Review: “Anomaly,” David Kazzie

Pros: The ending is fascinating
Cons: Just about everything else
Rating: 2 out of 5

David Kazzie’s Anomaly centers on Claire Hamilton, a 45-year-old astrobiology professor with a husband, Jack, and two 6-year-old kids, Hugo and Miranda. Twelve years earlier she was married to Peter, but he vanished while on a NASA-sponsored expedition to check out a massive meteor that had landed, and he was declared dead. Now Claire’s been told that Peter is still alive, and the “meteor” isn’t a meteor at all–it slowed down before landing, meaning it’s some sort of alien spacecraft or artifact. NASA manages to convince Claire to go on an expedition to check it out, and she leaves her family behind to find out whether her previous husband is still alive, and what the artifact means to humanity.
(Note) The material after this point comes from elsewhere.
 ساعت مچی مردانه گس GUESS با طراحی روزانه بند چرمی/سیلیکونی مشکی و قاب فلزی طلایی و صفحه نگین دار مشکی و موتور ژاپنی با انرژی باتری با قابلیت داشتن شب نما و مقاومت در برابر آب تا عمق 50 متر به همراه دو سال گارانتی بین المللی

First, let’s talk about the issue of why Claire didn’t go on the first expedition but gets invited on this one. She’s an astrobiologist, so the issue of alien contact is within her wheelhouse. There are two separate excuses given for why she gets invited now but didn’t before. One, the sciences are a good old boys’ club and the previous expedition was set up in a sexist manner. Hard to argue for this when we’re told in passing that the original expedition had four women on it. Sure, that was less than half of the expedition, but not nearly as anti-female as the narrative insists it is. Two, the folks running this expedition think she deserves to go since she’s suddenly finding out her husband is alive after twelve years. Uh, sure, but we’re talking about a thing that’s so secretive that, including Claire, only 96 people in the world supposedly know about it. The idea that someone would let her on the expedition out of pity is a little hard to swallow. Ultimately, the whole thing feels artificial and convenient–just a little sleight-of-hand to arrange the setup the author wanted.
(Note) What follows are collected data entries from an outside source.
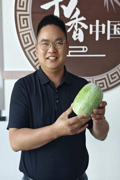 香芋水果冬瓜是引进的国外新品种,价格虽不便宜,但刘清觉得,农业也要创新,应该开发既能适应土地气候条件、附加值又高的产品。谈起自家的冬瓜,刘清就滔滔不绝,这种冬瓜自带香芋风味,去皮后可以直接生吃,清甜多汁,煲汤后更是软糯香甜,亩产可达6000至10000斤。因其优异的口感以及独家品种,盒马鲜生、小象超市等商超、平台早在种植初期就主动联系,签下包销协议。
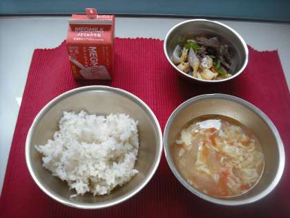 今日は夏野菜を使った献立でピーマンの入った焼肉と,トマトと卵のスープでした。
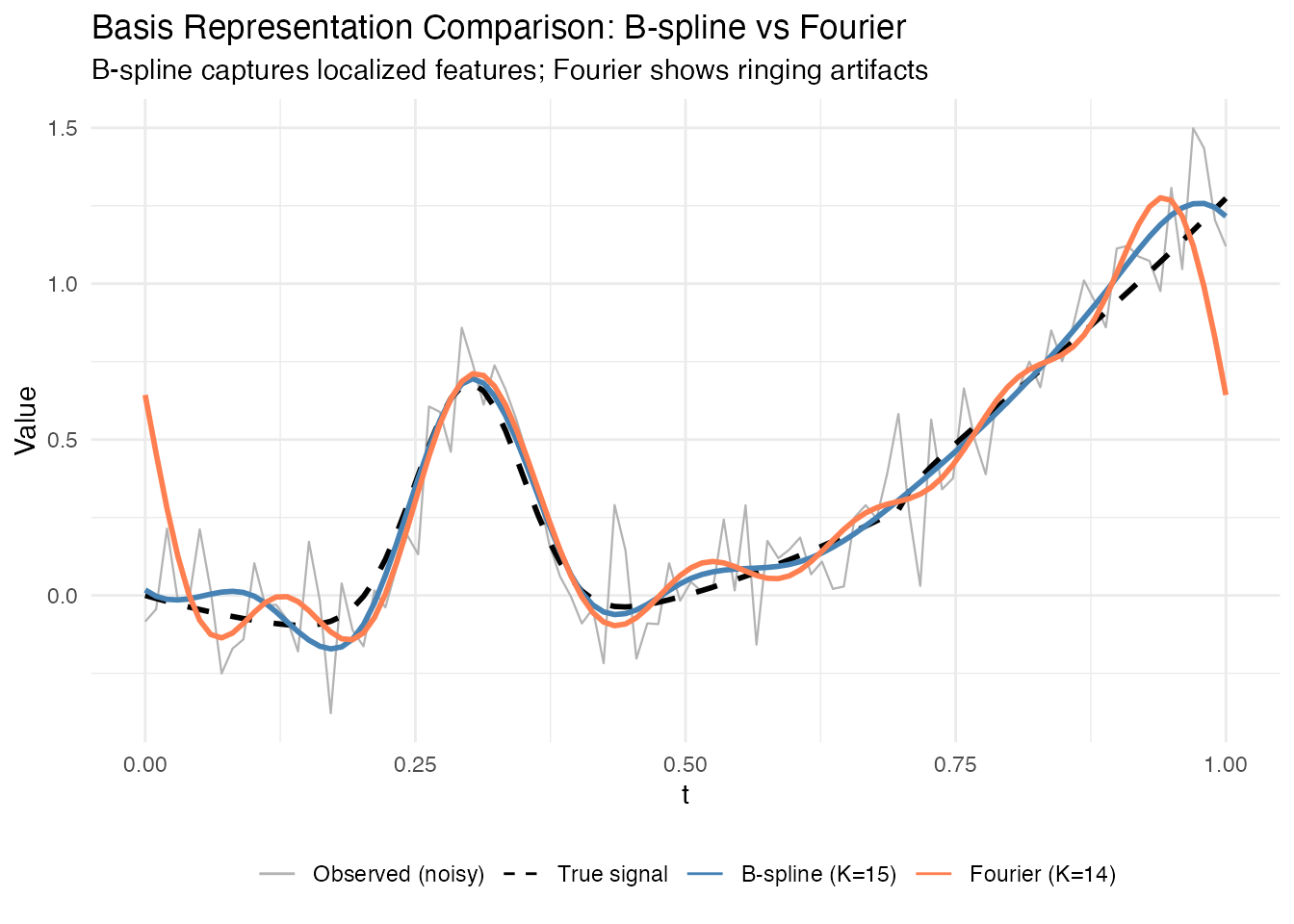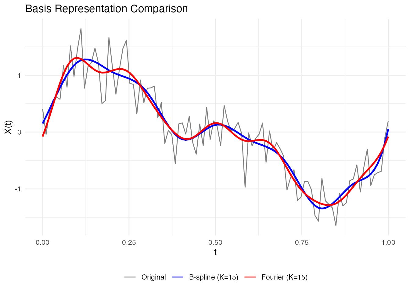 labs(x = "t", y = "X(t)", title = "Basis Representation Comparison") +

I don’t like the characters very much. Jack’s reaction to everything seems to be to get drunk. Claire is kind of narcissistic, and Peter… well, I should avoid going into that to avoid spoilers, but it suffices to say that Claire’s memories of him seem to be tinted by rose-colored glasses. One of the few good parts to this book is the depiction of Claire trying to reconcile herself to the fact that Peter is still alive while she now has a husband and children, but it goes on forever. Most of the narrative is given over to this, and it gets to be a bit much. The anomaly itself ends up relegated to the very end of the book. While advertising copy concentrates on the exciting stuff, the actual meat of the story is almost entirely about Claire and her struggle to make sense of what’s going on. Thus I thought I was getting one kind of book, when in reality it turned out to be another.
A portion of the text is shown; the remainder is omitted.